Work request: Your copy should contain exactly the lines from the start of the listing through the line that holds "3.5CM亮黑色广告型材/广告铝材加工", and no pictures.

Start of Information supplied

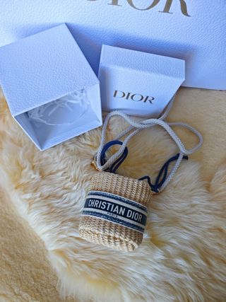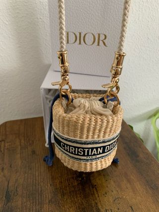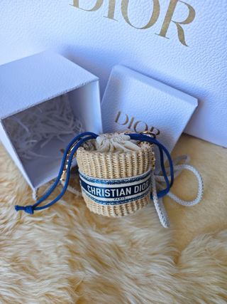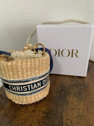 Pequeño neceser de la marca Dior. - Tejido de rafia. - Cinta con logo Christian Dior Paris en contraste azul y blanco. - Cuerda para colgar.
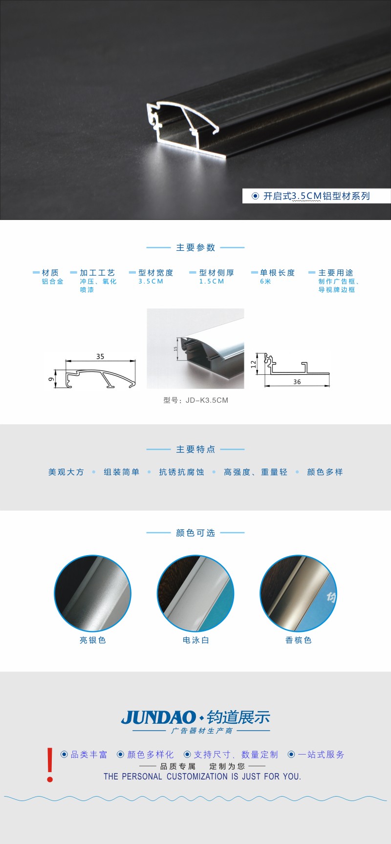 3.5CM亮黑色广告型材/广告铝材加工
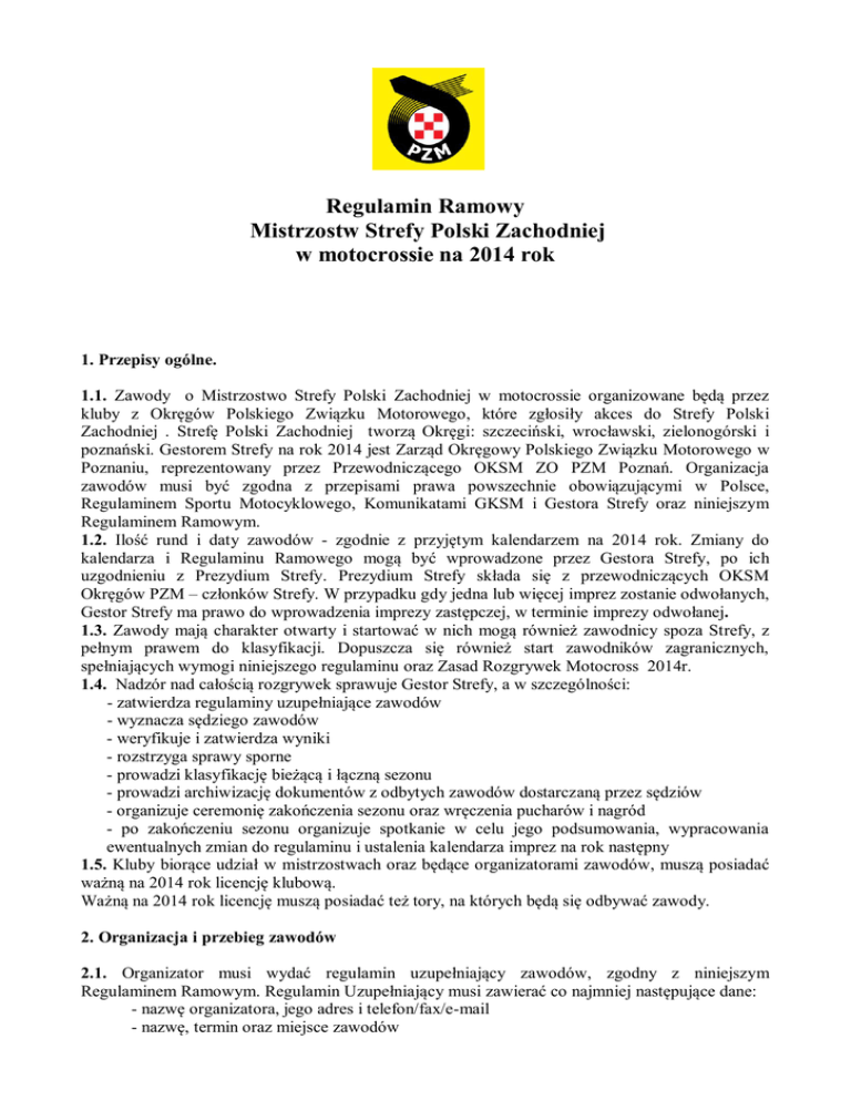 Regulamin Ramowy Mistrzostw Strefy Polski Zachodniej w motocrossie na 2014 rok 1. Przepisy ogólne. 1.1. Zawody o Mistrzostwo Strefy Polski Zachodniej w motocrossie organizowane będą przez kluby z Okręgów Polskiego Związku Motorowego, które zgłosiły akces do Strefy Polski Zachodniej . Strefę Polski Zachodniej tworzą Okręgi: szczeciński, wrocławski, zielonogórski i poznański. Gestorem Strefy na rok 2014 jest Zarząd Okręgowy Polskiego Związku Motorowego w Poznaniu, reprezentowany przez Przewodniczącego OKSM ZO PZM Poznań. Organizacja zawodów musi być zgodna z przepisami prawa powszechnie obowiązującymi w Polsce, Regulaminem Sportu Motocyklowego, Komunikatami GKSM i Gestora Strefy oraz niniejszym Regulaminem Ramowym. 1.2. Ilość rund i daty zawodów - zgodnie z przyjętym kalendarzem na 2014 rok. Zmiany do kalendarza i Regulaminu Ramowego mogą być wprowadzone przez Gestora Strefy, po ich uzgodnieniu z Prezydium Strefy. Prezydium Strefy składa się z przewodniczących OKSM Okręgów PZM – członków Strefy. W przypadku gdy jedna lub więcej imprez zostanie odwołanych, Gestor Strefy ma prawo do wprowadzenia imprezy zastępczej, w terminie imprezy odwołanej. 1.3. Zawody mają charakter otwarty i startować w nich mogą również zawodnicy spoza Strefy, z pełnym prawem do klasyfikacji. Dopuszcza się również start zawodników zagranicznych, spełniających wymogi niniejszego regulaminu oraz Zasad Rozgrywek Motocross 2014r. 1.4. Nadzór nad całością rozgrywek sprawuje Gestor Strefy, a w szczególności: - zatwierdza regulaminy uzupełniające zawodów - wyznacza sędziego zawodów - weryfikuje i zatwierdza wyniki - rozstrzyga sprawy sporne - prowadzi klasyfikację bieżącą i łączną sezonu - prowadzi archiwizację dokumentów z odbytych zawodów dostarczaną przez sędziów - organizuje ceremonię zakończenia sezonu oraz wręczenia pucharów i nagród - po zakończeniu sezonu organizuje spotkanie w celu jego podsumowania, wypracowania ewentualnych zmian do regulaminu i ustalenia kalendarza imprez na rok następny 1.5. Kluby biorące udział w mistrzostwach oraz będące organizatorami zawodów, muszą posiadać ważną na 2014 rok licencję klubową. Ważną na 2014 rok licencję muszą posiadać też tory, na których będą się odbywać zawody. 2. Organizacja i przebieg zawodów 2.1. Organizator musi wydać regulamin uzupełniający zawodów, zgodny z niniejszym Regulaminem Ramowym. Regulamin Uzupełniający musi zawierać co najmniej następujące dane: - nazwę organizatora, jego adres i telefon/fax/e-mail - nazwę, termin oraz miejsce zawodów - imię i nazwisko sędziego oraz dyrektora zawodów - termin przyjmowania zgłoszeń - czas i miejsce pracy biura zawodów - godzina i miejsce startu oraz ogłoszenia wyników Regulamin uzupełniający zawodów musi być przesłany 4 tygodnie przed datą organizowanych zawodów do Gestora Strefy, celem zatwierdzenia. Zatwierdzony regulamin Gestor Strefy rozsyła do wszystkich Okręgów i klubów należących do Strefy i zamieszcza go na stronie internetowej Gestora Strefy. Zaleca się, aby Organizator wysłał regulamin także do klubów i Okręgów spoza Strefy. 2.2. Władze zawodów, wykaz osób funkcyjnych oraz ich obowiązki i kompetencje określa RSM. Wyznaczony przez Organizatora Dyrektor Zawodów musi posiadać co najmniej licencję sędziego klasy O sportu motocyklowego. Wyznaczony przez Gestora Sędzia Zawodów musi posiadać licencję sędziego klasy P sportu motocyklowego. 2.3. Zawody muszą być zabezpieczone medycznie zgodnie z Regulaminem Medycznym PZM. 2.4. Każdy organizator zawodów zobowiązany jest do wniesienia opłaty 350 zł przed zatwierdzeniem regulaminu uzupełniającego , tytułem partycypacji w kosztach organizacyjnych Strefy, na podstawie faktury lub noty uznaniowej wystawionej przez Gestora Strefy. 2.5. Jednorazową opłatę w wysokości 500 zł wnoszą także Okręgi, należące do Strefy, w terminie do 30.06.2014r. 3. Uczestnictwo w zawodach 3.1. Prawo startu w zawodach mają zawodnicy z licencją „A”, „B” oraz „C” w klasach, jak podano w pkt. 4.1. Uczestnicy startujący pierwszy raz (nie posiadający jeszcze licencji), muszą przystąpić przed zawodami do egzaminu teoretycznego na certyfikat. Egzaminy, w formie testów, ze znajomości przepisów RSM oraz Zasad Rozgrywek Motocross 2014, organizowane są w Zarządach Okręgowych PZM lub przed zawodami (w dniu zawodów egzamin należy przeprowadzić przed treningami). Po pozytywnym zaliczeniu egzaminu teoretycznego uczestnik zostaje dopuszczony do zawodów, które są egzaminem praktycznym. Po sklasyfikowaniu się w zawodach, musi wystąpić do właściwego Zarządu Okręgowego PZM o wydanie licencji sportowej. Szczegółowe informacje o uzyskiwaniu licencji patrz Rozdz. 4 RSM Zasady Ogólne. 3.2. Uczestnicy bez licencji, którzy nie ukończyli 18 lat, muszą przedłożyć pisemną zgodę rodziców lub opiekuna prawnego (z podaniem numeru dokumentu tożsamości osoby podpisującej zgodę), na udział w zawodach. 3.3. Zawodnik oraz uczestnik bez licencji musi przedłożyć w biurze zawodów: - wypełnioną i podpisaną kartę zgłoszenia do zawodów - właściwą licencję ważną na 2014 rok (tylko zawodnik licencjonowany) - kartę zdrowia zawodnika sportów motorowych z ważnym wpisem o zdolności zawodnika - dokument tożsamości (tylko uczestnik bez licencji) - zaświadczenie o zdolności od lekarza sportowego (tylko uczestnik bez licencji) - dowód wpłaty wpisowego 3.4. Wpisowe do zawodów, zgodnie z Zasadami Rozgrywek Motocross 2014r., wynosi 130 zł dla wszystkich klas i od wszystkich uczestników i zawodników. Uczestnicy bez licencji wnoszą dodatkową opłatę za egzamin w wysokości 25 zł (jeśli zdawany jest na zawodach) oraz opłatę za ubezpieczenie NNW w wysokości 25 zł za każdy dzień zawodów (zgodnie z pkt. 17.8 Zasad Rozgrywek Motocross 2014). 3.5. Organizator zawodów ma obowiązek przesłani

End of Information supplied

Solution for this exercise:
 Pequeño neceser de la marca Dior. - Tejido de rafia. - Cinta con logo Christian Dior Paris en contraste azul y blanco. - Cuerda para colgar.
 3.5CM亮黑色广告型材/广告铝材加工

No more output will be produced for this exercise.